The fraction of tumor cells in the unprocessed biopsy was 0.24, 0.58 in the CD3+, and 0.45 in the CD4+ enriched sample. These results depict an enrichment of tumor cells by the factor of 2.42 in the CD3+ and by 1.88 in the CD4+ sample. The increased tumor fraction in the CD3+ samples compared to the CD4+ sample is unexpected as MF samples, including this patient, are mostly CD3+CD4+CD8- [64]. We assume that the difference lies in the experimental procedure, especially a less rigorous tissue disruption in the CD4 batch due to the sensitivity of CD4 towards one of the normally used, but in this case omitted, protease. Further experimental optimization might resolve this problem, leading to a more complete tissue lysis and efficient capturing of CD4+ cells.

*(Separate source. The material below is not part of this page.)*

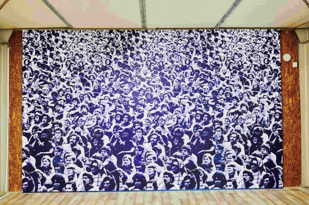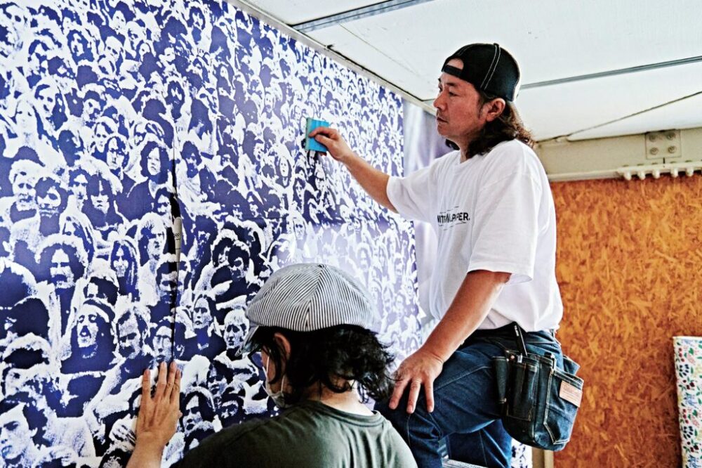 ウッドストックの観客を撮影したフォト柄は、1970年代にジャケットやパンツなどで展開されていた。ヴィンテージでも人気の高いフォト柄を、今の技術で完全に蘇らせている。この人気のパターンを壁紙で使おうというアイデアは、ヴィンテージラバーの金丸さんだからこそ。ロックやヴィンテージ好きにはたまらないデザインである。

Additionally, imbalances in the tumor fraction between both starting batches are possible. The seemingly more robust purification of malignant MF cells via CD3 should work well for most cases as the ratio of CD4:CD8 cell in MF is consistently above 1 [65,66], thus, the larger fraction of CD3+ cells should be CD4+ as well. Furthermore, the purification via CD3 has the additional advantage in capturing the malignant cells in rare CD4-CD8- MF cases, which are mostly CD3+ [67]. In the future, a more sophisticated antigen combination and FACS purification might lead to an even higher enrichment of malignant cells from individual biopsies. However, careful consideration of the antigens presented by the malignant cells is vital for successful enrichment. As MF cells are known to lose pan T-cell antigens [64], careful immunohistochemistry is necessary prior to enrichment to detect (subclonal) loss of the enrichment antigen. In the case of subclonal antigen loss, only a subpopulation of malignant cells would be enriched, and therefore the enriched cells would not represent the entirety of malignant cells in the tumor. Besides immunohistochemistry, T-cell receptor (TCR) sequencing is also crucial to elucidate the clonal architecture of the lesion. In MF, there are cases with monoclonal TCR but also cases with oligoclonal TCR, the latter strongly indicating multiple subclonal populations in the lesion [28]. Additionally, TCR sequencing can be used to track complete enrichment of all subpopulations of malignant cells by sequencing prior and after enrichment and comparing the results.
Analysis of the somatic mutations revealed 762 SNVs in the CD3+ enriched sample. Further classification of SNVs with mutationTimeR [68] resulted in 737 clonal and 25 subclonal SNVs, corresponding to a clonal mutation rate of 14.5 mutations per Mb. Over 85% of clonal SNVs were C>T transitions. Of the 737 clonal SNVs in the CD3+ sample, 736 (99.8%) were found in the CD4+ and 716 (97.2%) were found in the unprocessed sample. Known oncogenic mutations such as MAPK1 p.E322K and RHOA p.A161P were detected in all samples, albeit with 3.37× or 2.76× higher frequency in the CD3+ sample than in the unprocessed sample, respectively (Figure 2a). The gain-of-function RHOA p.A161P mutation [69] is similar to the mutation occurrence in other CTCL cases outside of the RHOA p.G17 hotspot commonly mutated in other cancers and lymphoma [70]. The gain-of-function MAPK1 p.E322K mutation [71] is found exclusively in MF and not in SS [70].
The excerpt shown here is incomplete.